I read a lot about the impact online, and I also read a book by Walter Alvarez, the man who connected the crater with the dinosaur extinction. And I guess there are still childhood echoes from Jurassic Park and Indiana Jones at the back of my mind.

After slightly departing from it with the Citizen portraits, for Chicxulub you have returned to your signature style of shooting in a forensic way, as you come across things. Why do you think such style fits your practice best?

I like to work both ways, sometimes making typologies like with Citizen or Machina, and sometimes with a kind of narrative, like with Chicxulub.
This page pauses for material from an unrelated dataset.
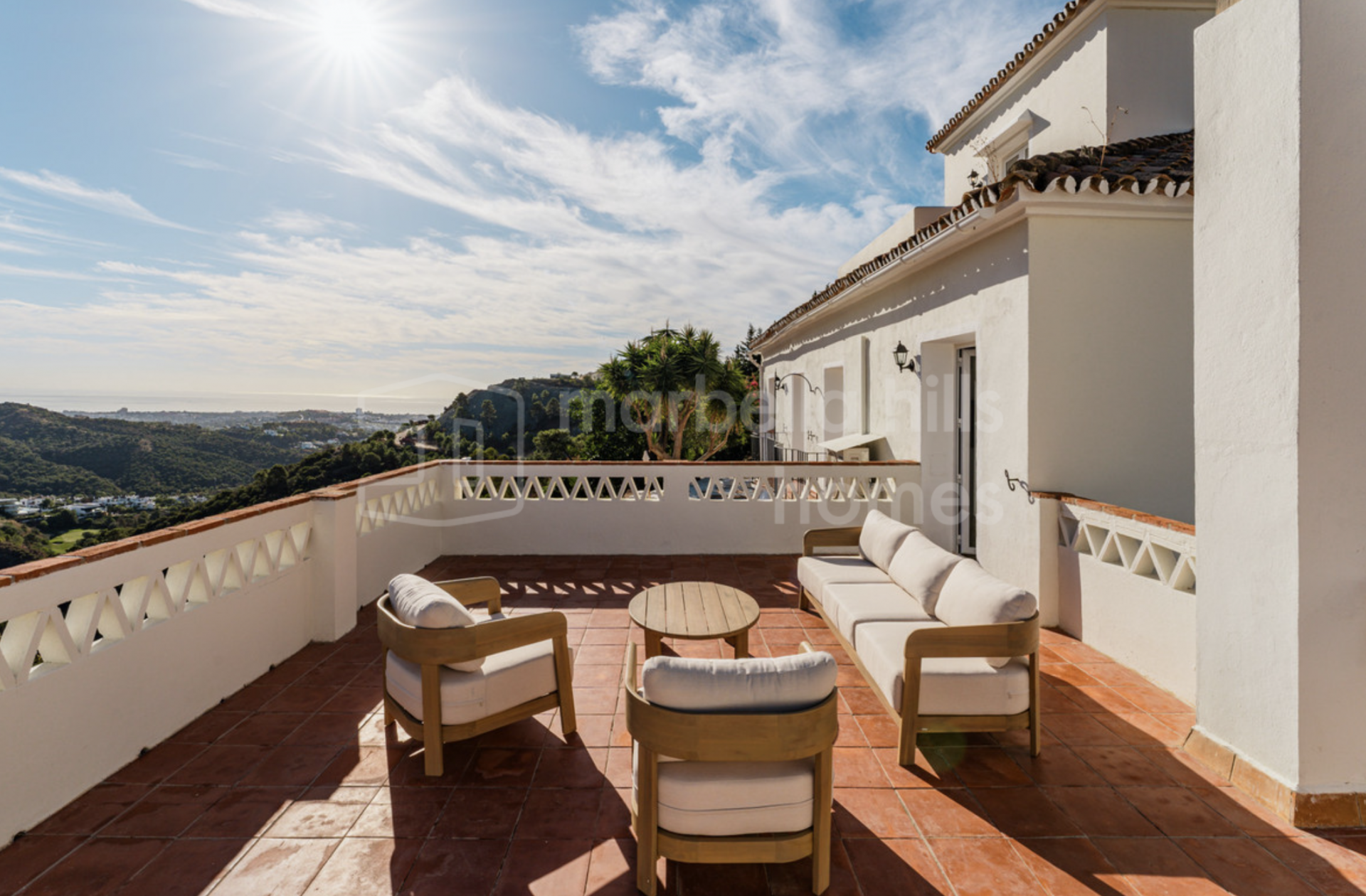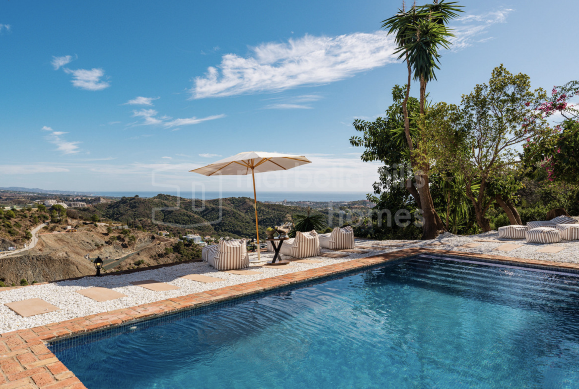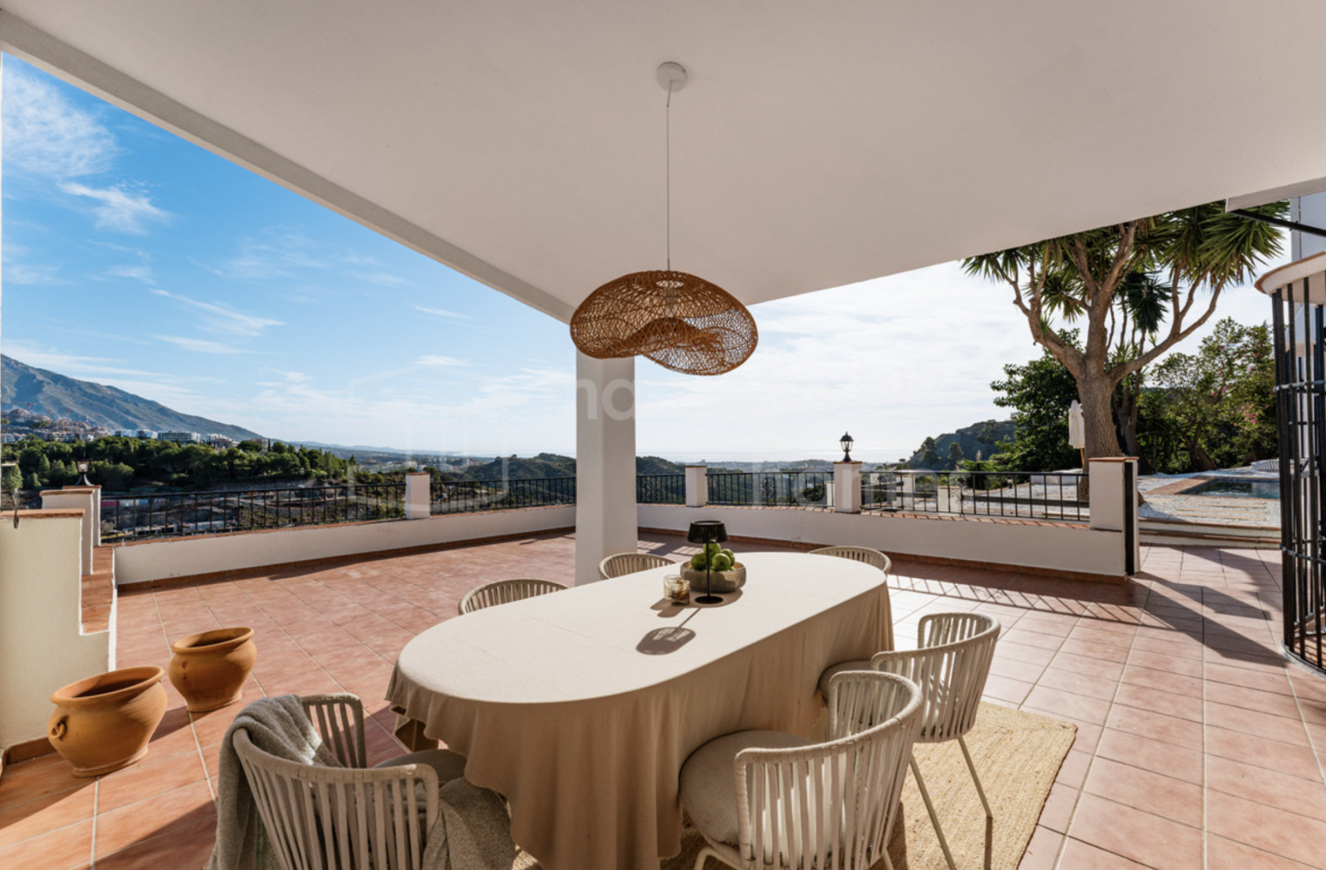 This exceptional 6-bedroom villa is located in the prestigious gated community of El Madroñal 2 in Benahavís, offering a refined blend of Andalusian charm, contemporary comfort and complete privacy. Set on an impressive elevated plot of 4,795 m², the property enjoys sweeping panoramic views of the Mediterranean Sea, surrounding mountains and lush natural landscape.

The style of shooting is maybe not so different; it’s more about the method of working. Sometimes I get really into one particular subject, like the pigeons, and sometimes I keep on walking. But my images almost always has this focused, one-thing-at-a-time kind of gaze.

You also have a preference for nature as a favorite subject matter, and the investigative way you look at animals, plants, stones, etc. feels like you’re collecting evidence of a bigger, concealed story. Where does your fascination with nature come from, and what secrets do you think it holds?

I grew up spending a lot of time outdoors, with long summers in the countryside. I studied natural sciences in high school with the intention of becoming an engineer, but then took up photography. The fascination with the world as a system has stayed with me though.

Photography is a medium that suits me, because it allows scrutiny of details, something a scientist is also interested in. I’m a bit uncomfortable with the idea that nature is a separate aspect of the world and that it is hiding secrets from us—I prefer to think of the world as a source of knowledge.